-Zrób coś jełopie! - Negra rzuciła mi zabójcze spojrzenie, jednak w jej oczach widać było niemą prośbę. Pokręciłem łbem, a po chwili jeleń wydał ostatnie stęknięcie i opadł bezwładnie.
-Jak mogłeś?! - ślepia suczki się zaszkliły - Zabić coś tak szlachetnego!
Spojrzałem na nią lekko wyniośle, po czym zacząłem tłumaczyć:
-To nie ja - powiedziałem pewnym tonem - Ja nawet nie zdążyłem tknąć jego gardła, bo mi przeszkodziłaś.
Podszedłem do padliny.
-Przeanalizujmy fakty - mój głos był poważny, z nutką profesjonalizmu.
-Sherlock Holmes się znalazł - ton Negry ociekał sarkazmem, skupiła wzrok na mnie, wpatrując się wyczekująco w moje łapy.
Skrzywiłem się. Zapach krwi był naprawdę mocny, aż czułem metaliczny posmak w pysku.
-Widzisz tę ranę? - wskazałem na ślady pazurów na brzuchu zwłok - To ty ją zrobiłaś, kiedy na niego skoczyłaś.
Popatrzyła się na mnie z niedowierzaniem, jednak po chwili namysłu niechętnie skinęła łbem.

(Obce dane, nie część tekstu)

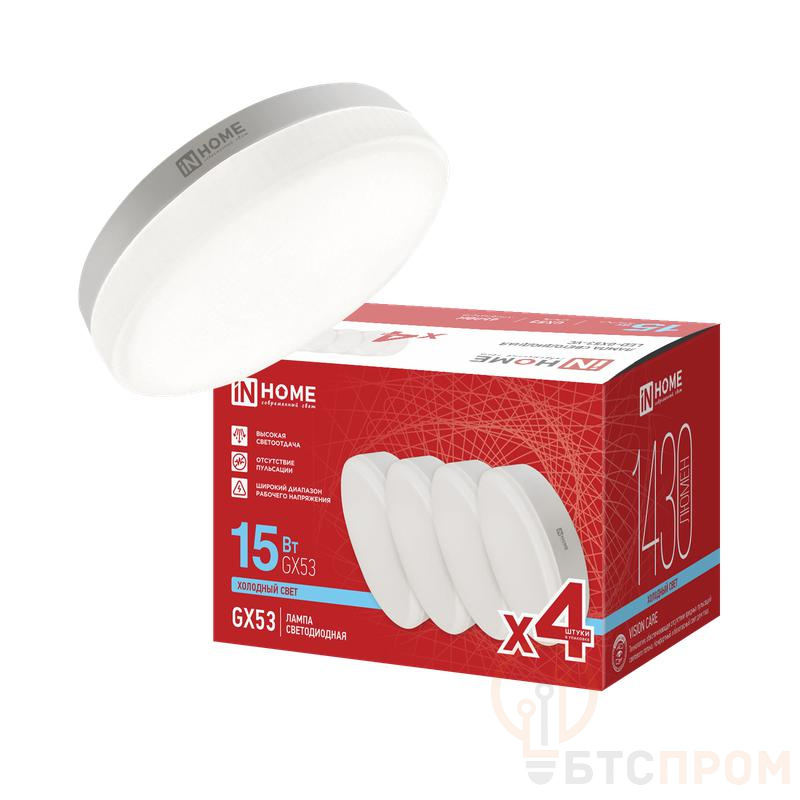 Светодиодная лампа IN HOME LED-GX53-VC — это современное и экономичное решение для встраиваемого освещения. Комплект из 4 ламп обеспечивает яркий холодный белый свет (6500К) с высокой светоотдачей 1430 люмен при потреблении всего 15Вт каждая, что позволяет значительно снизить энергозатраты.

Wokół głębokich dziur w ciele futro miało intensywną, szkarłatną barwę.
-Skoro ani ja, ani ty nie rozszarpaliśmy mu szyi, to musiał to zrobić ktoś inny.
-Brawo, detektywie - suczka zaczęła łączyć fakty, a jej ton stopniowo stawał się coraz pewniejszy i sarkastyczny.

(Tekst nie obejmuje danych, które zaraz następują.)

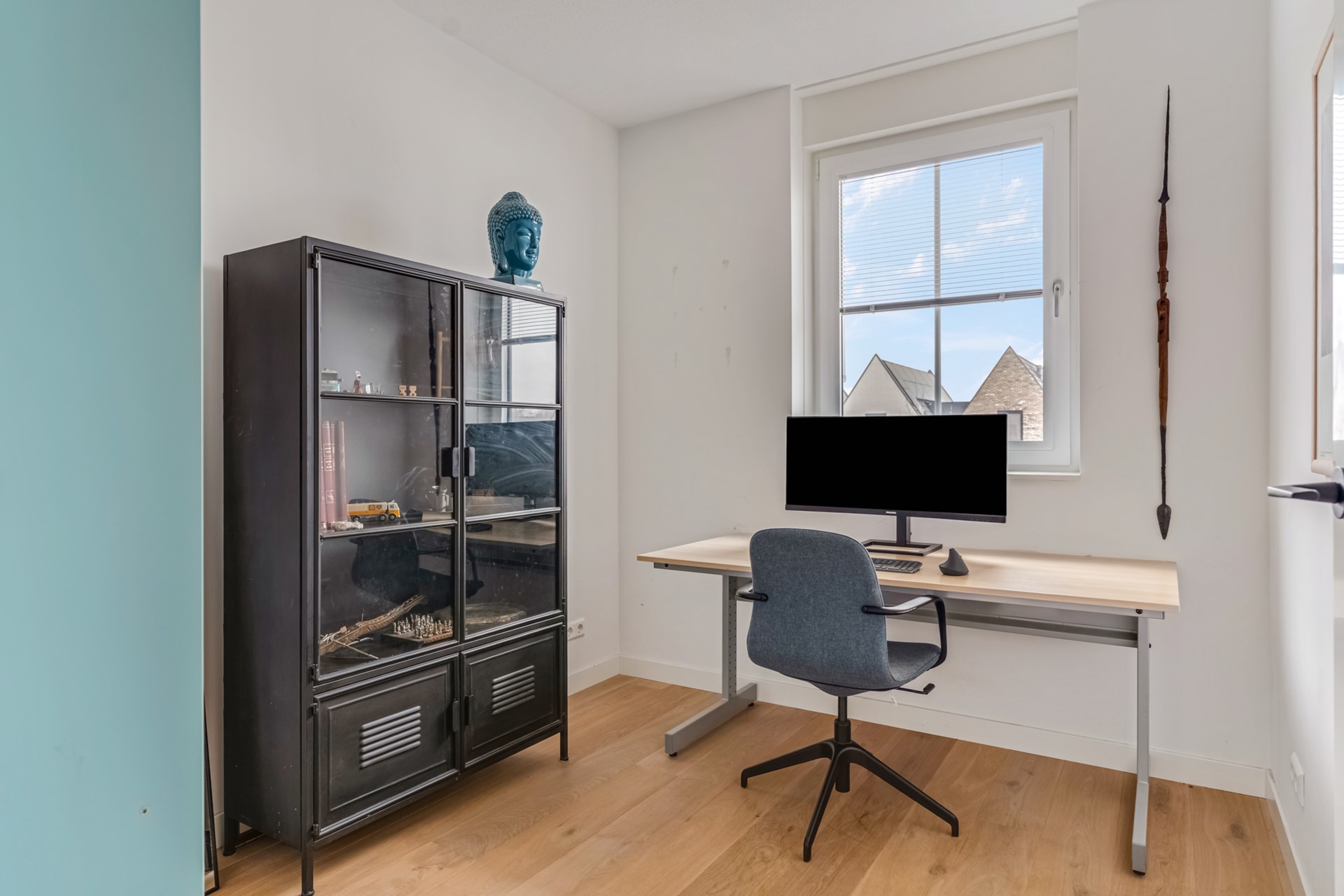 Op de tweede verdieping bevindt zich een ruime hoofdslaapkamer, gesitueerd over de volledige breedte van de woning. Aan de andere zijde van deze verdieping zijn twee comfortabele slaapkamers gerealiseerd.

-W takim razie, stawiam na wilka, lub innego leśnego drapieżnika - rozejrzałem się uważnie dookoła, już po kilku sekundach dostrzegając to, czego się spodziewałem. Zbliżyłem nos do jeszcze świeżych śladów w błocie.
-Wilk - rzuciłem krótko, a Negra, która również obwąchała trop, pokiwała łbem - Pewnie zapach krwi, z rany zadanej przypadkowo przez ciebie zwabił to stworzenie. A ono korzystając z tego, że jeleń był ranny, zaatakowało. Zapewne wyczuło również nasz zapach i postanowiło wrócić, kiedy już dwójka psów się oddali.
-Dlaczego wilk miałby porzucać swoją ofiarę? - sunia spojrzała na padlinę, jakby to od niej oczekiwała odpowiedzi.
-Może nie chciał konfrontacji? - odparłem z namysłem - W końcu mamy przewagę liczebną.
-W każdym razie nie odszedł daleko! - Negra aż wyrywała się, żeby ruszyć za zabójcą jelenia - Musi za to zapłacić.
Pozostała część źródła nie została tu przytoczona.